We also enjoy a dip in the hot spring waters at Panami and take a short hike to ‘Wishful Lake’ – a pretty spot which is the permanent relic of a glacial retreat thousands of years ago.

We return over the Khardungla Pass the following day, after a visit to Diskit where the ancient Palace once afforded a strategic view across the broad valley floor to Sumoor where the invading Mongol hordes would emerge on regular incursions.   Tonight I stay in the village of Saboo just outside Leh where I go for an evening stroll, scrambling up to a small ruined citadel to enjoy a vivid sunset across the Indus Valley.


The next morning our objective is the remotely-located Lamayuru Monastery which we reach by way of the ‘old road’, an outrageously precarious track that rises like an escalator via innumerable hairpin bends.  As we approach the Monastery we get a view across the bizarre lunar landscape that marks the point where 50 million years ago the Indian sub-continent slammed into the Asian land-mass and thus created the Himalayas.

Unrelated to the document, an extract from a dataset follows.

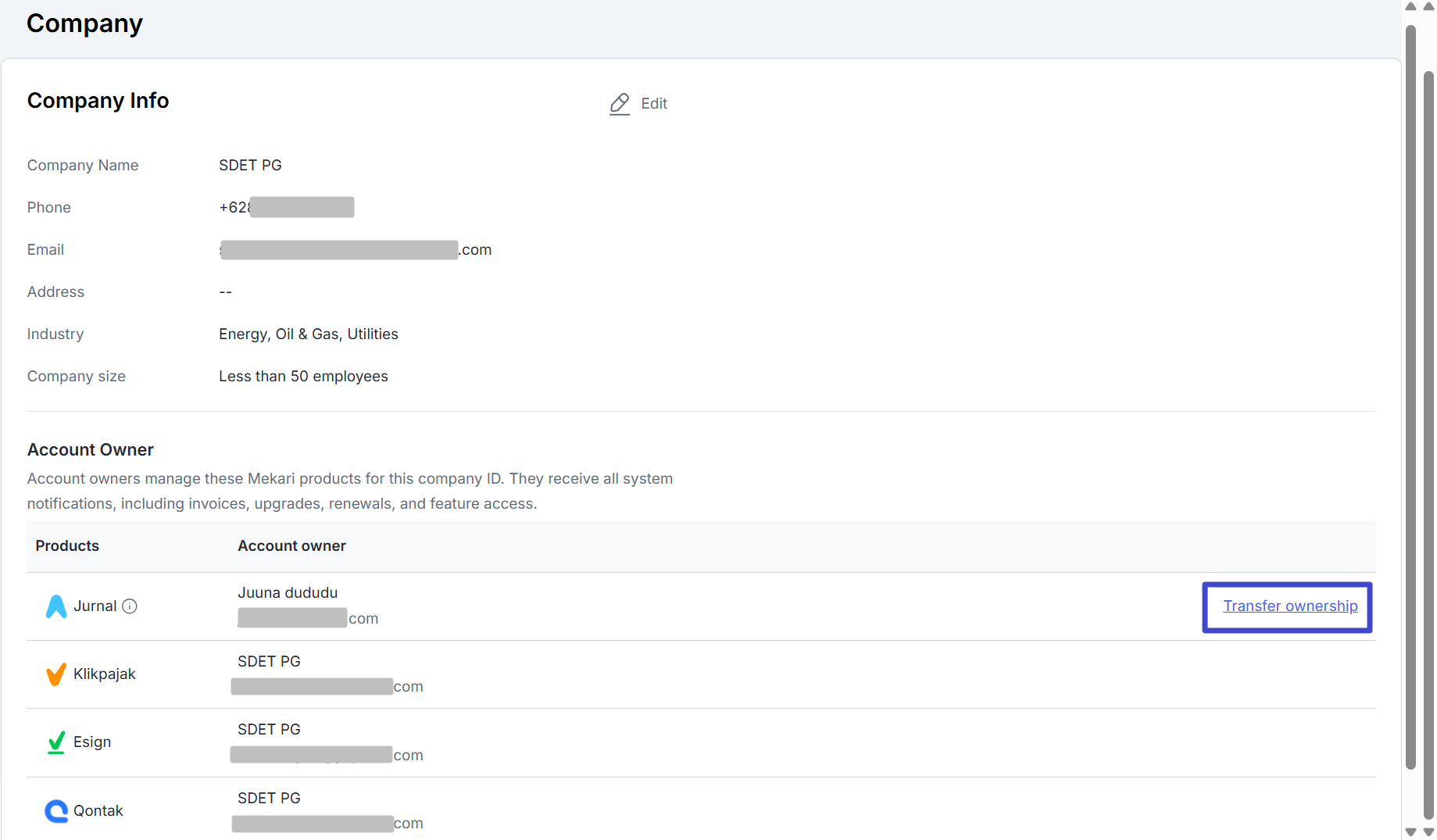 In managing a company account, there is the role of Account Owner as the primary owner of the account in SSO. This guide explains how to transfer the Account Owner role to another user within the same company. The transfer can only be done if the company has more than one user and is performed by the Account Owner through the Mekari account in the company menu. This role can only be transferred to another eligible user, namely a user who already has a verified email in SSO.

A broad swathe of butterscotch-coloured rock seems to have been caused by the collision and contrasts strongly with the russet browns and blacks of the rest of the rock strata.  The Monastery is situated on a crest above this chaos of geology creating an almost Dali-esque sense of surreal wonder.



My accommodation tonight is the lovely Uley Ethnic Resort where I have a restful sleep in a comfortable cabin perched on a bluff above a bend in the fast-flowing Indus River.

My final day is spent hiking over a couple of passes in the hills between the villages of Hemis Shukpachan and Timosgang, meeting a few trekkers coming the other way and enjoying glimpses of nearby snowy peaks.  After the hike we visit Rizong, a truly ‘lost in the mountains’ monastery where the resident monks were sharing a meal cross-legged on the floor completely untroubled by our sudden intrusion.  Finally, we make a visit to the ancient and Kashmiri-influenced monastery of Alchi, famous for its 1000 year-old wall-paintings and intricately decorative wood-carved arches.


I am back at ‘The Omasila’ in Leh that evening and the next morning I say a fond farewell to Gyalson who had been wonderful company as well as a superb guide, before boarding the flight back to Delhi.

My week in Ladakh was a marvellous introduction to this land of mighty mountains and monasteries steeped with ancient treasures.   I would love to return here – in winter to track elusive snow leopards and in summer to trek amongst the villages way beyond the road-heads where the ancient ways of life continue to exist.  


Many thanks to everyone at ‘Trans Indus’ for all their assistance and kind hospitality, with special thanks to Gyalson for his wisdom and Sejal for her limitless patience!